| WHAT TO WORK ON |
In the listing that follows, find the line with "[샵앤]국산 여성 루즈핏", then copy exactly from it through the line with "Transform your bathroom", leaving out every picture.

| RECORD SET |
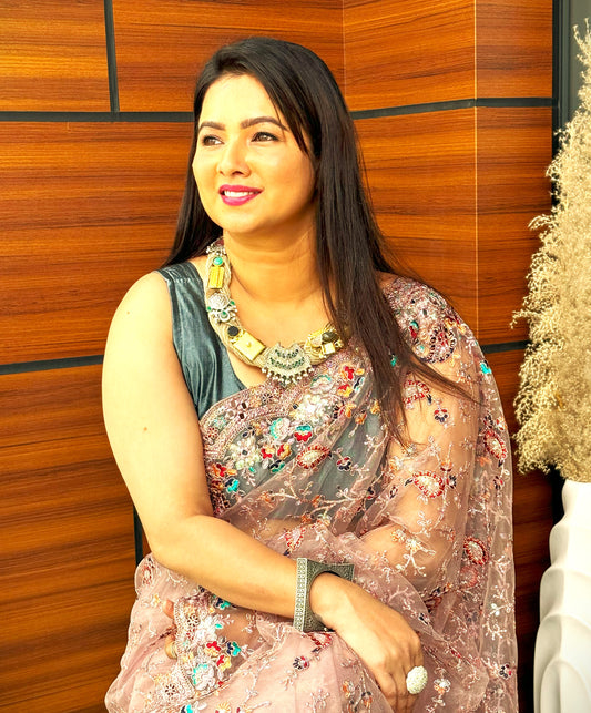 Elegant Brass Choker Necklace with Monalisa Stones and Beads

...

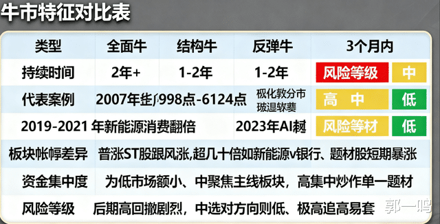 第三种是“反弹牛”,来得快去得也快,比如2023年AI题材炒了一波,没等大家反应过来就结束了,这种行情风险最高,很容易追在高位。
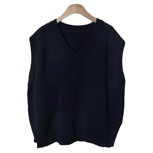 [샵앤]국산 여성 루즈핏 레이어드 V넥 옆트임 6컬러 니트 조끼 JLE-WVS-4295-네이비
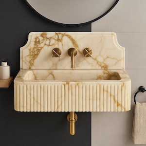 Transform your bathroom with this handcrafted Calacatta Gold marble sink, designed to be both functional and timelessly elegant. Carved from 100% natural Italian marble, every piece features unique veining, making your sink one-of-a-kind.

==

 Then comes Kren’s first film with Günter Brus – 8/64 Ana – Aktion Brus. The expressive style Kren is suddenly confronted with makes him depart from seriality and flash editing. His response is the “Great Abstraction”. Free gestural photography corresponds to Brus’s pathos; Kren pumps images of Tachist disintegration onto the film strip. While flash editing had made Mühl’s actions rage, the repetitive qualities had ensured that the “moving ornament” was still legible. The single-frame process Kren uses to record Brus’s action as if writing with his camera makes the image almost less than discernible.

| EXPECTED OUTPUT |
 [샵앤]국산 여성 루즈핏 레이어드 V넥 옆트임 6컬러 니트 조끼 JLE-WVS-4295-네이비
 Transform your bathroom with this handcrafted Calacatta Gold marble sink, designed to be both functional and timelessly elegant. Carved from 100% natural Italian marble, every piece features unique veining, making your sink one-of-a-kind.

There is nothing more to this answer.